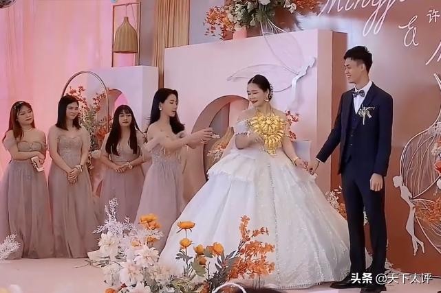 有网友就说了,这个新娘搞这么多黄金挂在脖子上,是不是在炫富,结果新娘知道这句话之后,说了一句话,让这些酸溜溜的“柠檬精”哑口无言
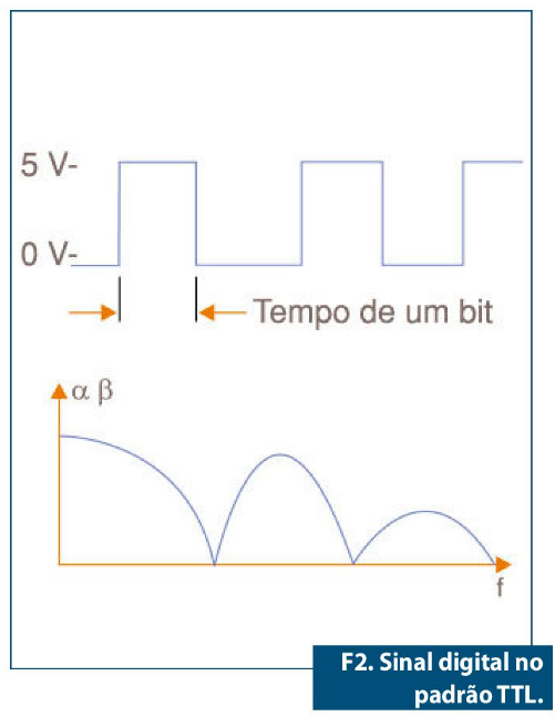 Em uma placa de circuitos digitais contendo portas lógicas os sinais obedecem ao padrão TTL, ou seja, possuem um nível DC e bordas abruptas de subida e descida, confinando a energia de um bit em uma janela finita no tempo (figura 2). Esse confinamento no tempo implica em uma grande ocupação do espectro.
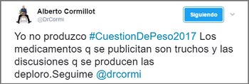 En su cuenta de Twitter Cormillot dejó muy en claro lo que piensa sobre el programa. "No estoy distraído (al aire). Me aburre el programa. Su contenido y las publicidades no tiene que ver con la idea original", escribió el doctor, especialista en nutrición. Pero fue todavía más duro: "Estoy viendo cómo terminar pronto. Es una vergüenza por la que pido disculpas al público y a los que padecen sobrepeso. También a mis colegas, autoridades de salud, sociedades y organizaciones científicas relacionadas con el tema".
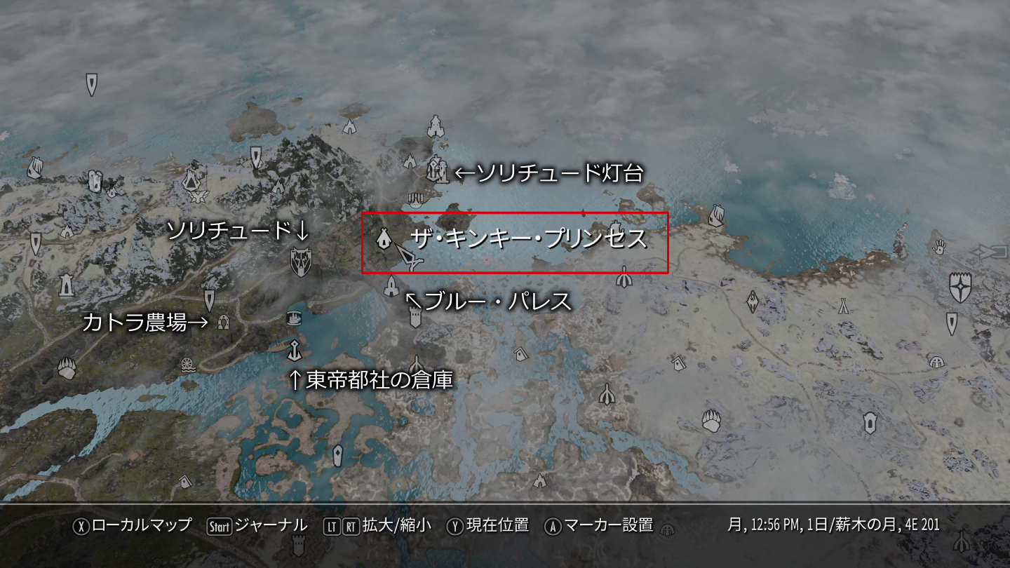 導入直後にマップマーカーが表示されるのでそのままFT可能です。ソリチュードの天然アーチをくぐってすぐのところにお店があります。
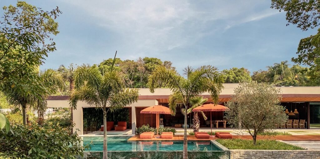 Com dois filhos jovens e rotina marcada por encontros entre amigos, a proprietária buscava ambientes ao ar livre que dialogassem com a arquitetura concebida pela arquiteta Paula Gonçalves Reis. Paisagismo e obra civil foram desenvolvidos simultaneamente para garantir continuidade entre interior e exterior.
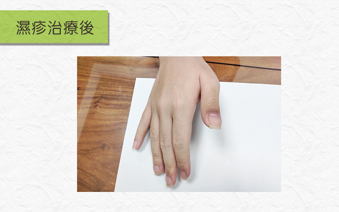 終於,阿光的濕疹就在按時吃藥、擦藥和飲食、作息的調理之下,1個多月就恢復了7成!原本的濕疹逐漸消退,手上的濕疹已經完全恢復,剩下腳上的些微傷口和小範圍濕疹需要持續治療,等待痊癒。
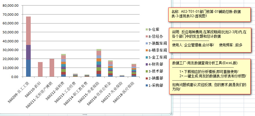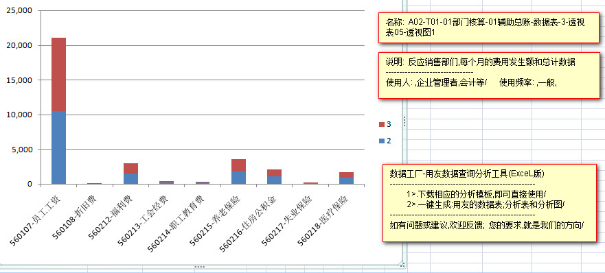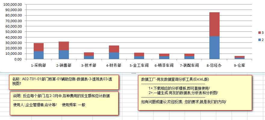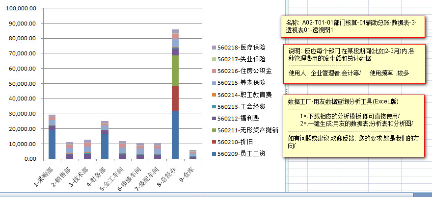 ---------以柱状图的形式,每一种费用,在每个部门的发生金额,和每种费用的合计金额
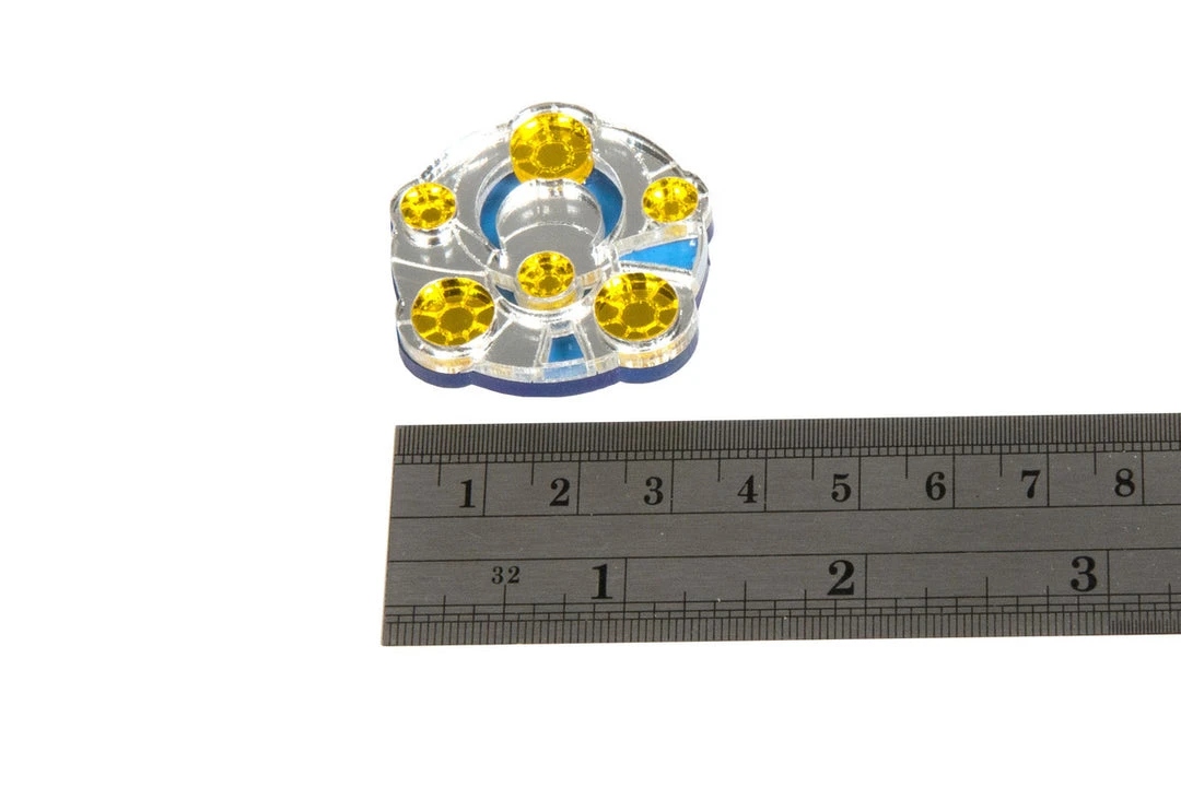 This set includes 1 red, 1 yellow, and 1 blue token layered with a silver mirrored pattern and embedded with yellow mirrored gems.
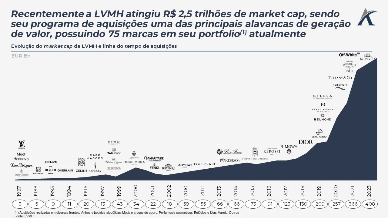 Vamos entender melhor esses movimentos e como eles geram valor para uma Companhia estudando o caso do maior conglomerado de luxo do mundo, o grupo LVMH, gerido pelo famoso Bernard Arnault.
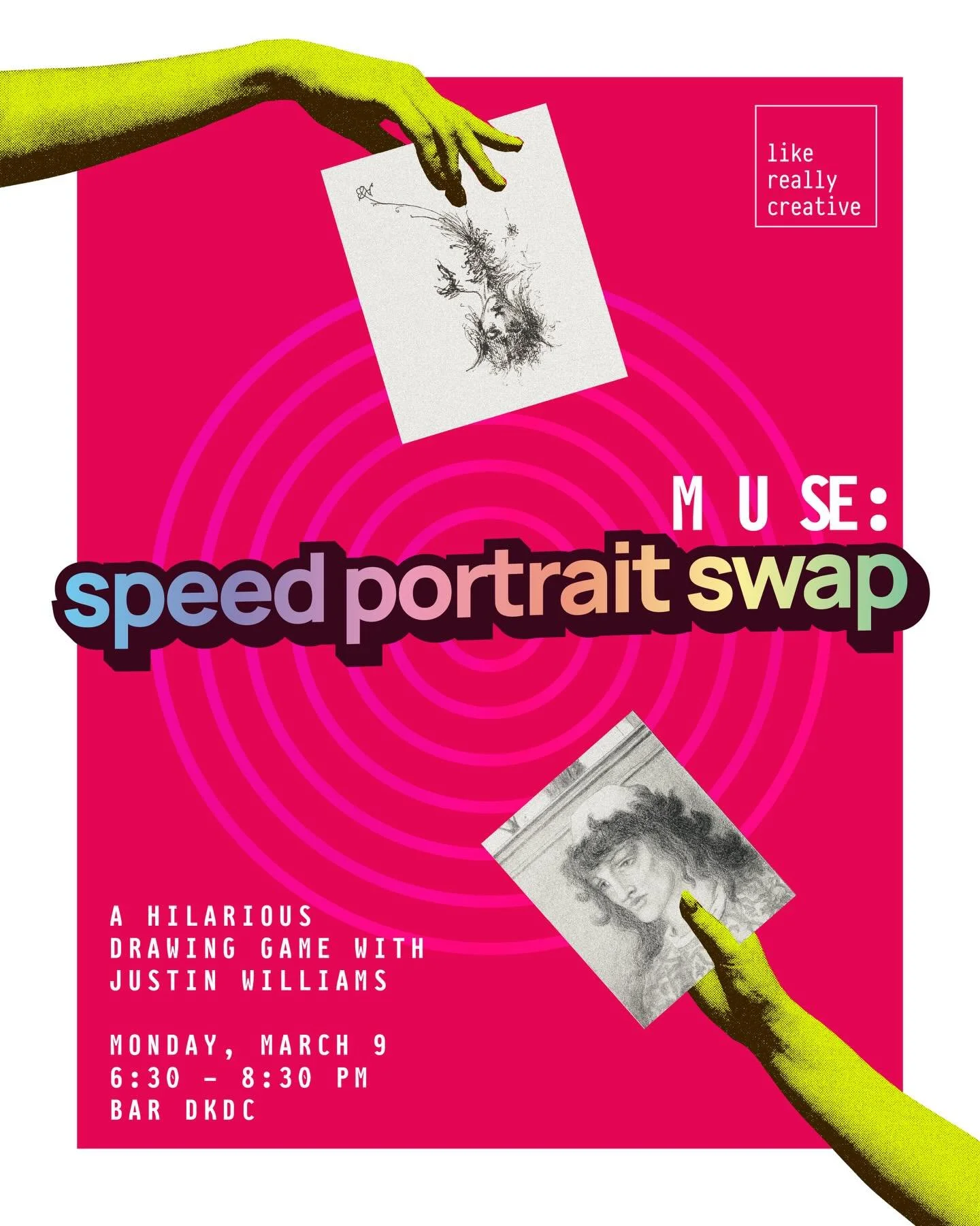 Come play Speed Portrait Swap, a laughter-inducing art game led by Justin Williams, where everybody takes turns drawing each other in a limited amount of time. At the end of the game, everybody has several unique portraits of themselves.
---
Problem to solve
Copy out each line of the data exactly as it reads; skip the pictures.

Problem solution
 有网友就说了,这个新娘搞这么多黄金挂在脖子上,是不是在炫富,结果新娘知道这句话之后,说了一句话,让这些酸溜溜的“柠檬精”哑口无言
 Em uma placa de circuitos digitais contendo portas lógicas os sinais obedecem ao padrão TTL, ou seja, possuem um nível DC e bordas abruptas de subida e descida, confinando a energia de um bit em uma janela finita no tempo (figura 2). Esse confinamento no tempo implica em uma grande ocupação do espectro.
 En su cuenta de Twitter Cormillot dejó muy en claro lo que piensa sobre el programa. "No estoy distraído (al aire). Me aburre el programa. Su contenido y las publicidades no tiene que ver con la idea original", escribió el doctor, especialista en nutrición. Pero fue todavía más duro: "Estoy viendo cómo terminar pronto. Es una vergüenza por la que pido disculpas al público y a los que padecen sobrepeso. También a mis colegas, autoridades de salud, sociedades y organizaciones científicas relacionadas con el tema".
 導入直後にマップマーカーが表示されるのでそのままFT可能です。ソリチュードの天然アーチをくぐってすぐのところにお店があります。
 Com dois filhos jovens e rotina marcada por encontros entre amigos, a proprietária buscava ambientes ao ar livre que dialogassem com a arquitetura concebida pela arquiteta Paula Gonçalves Reis. Paisagismo e obra civil foram desenvolvidos simultaneamente para garantir continuidade entre interior e exterior.
 終於,阿光的濕疹就在按時吃藥、擦藥和飲食、作息的調理之下,1個多月就恢復了7成!原本的濕疹逐漸消退,手上的濕疹已經完全恢復,剩下腳上的些微傷口和小範圍濕疹需要持續治療,等待痊癒。
 ---------以柱状图的形式,每一种费用,在每个部门的发生金额,和每种费用的合计金额
 This set includes 1 red, 1 yellow, and 1 blue token layered with a silver mirrored pattern and embedded with yellow mirrored gems.
 Vamos entender melhor esses movimentos e como eles geram valor para uma Companhia estudando o caso do maior conglomerado de luxo do mundo, o grupo LVMH, gerido pelo famoso Bernard Arnault.
 Come play Speed Portrait Swap, a laughter-inducing art game led by Justin Williams, where everybody takes turns drawing each other in a limited amount of time. At the end of the game, everybody has several unique portraits of themselves.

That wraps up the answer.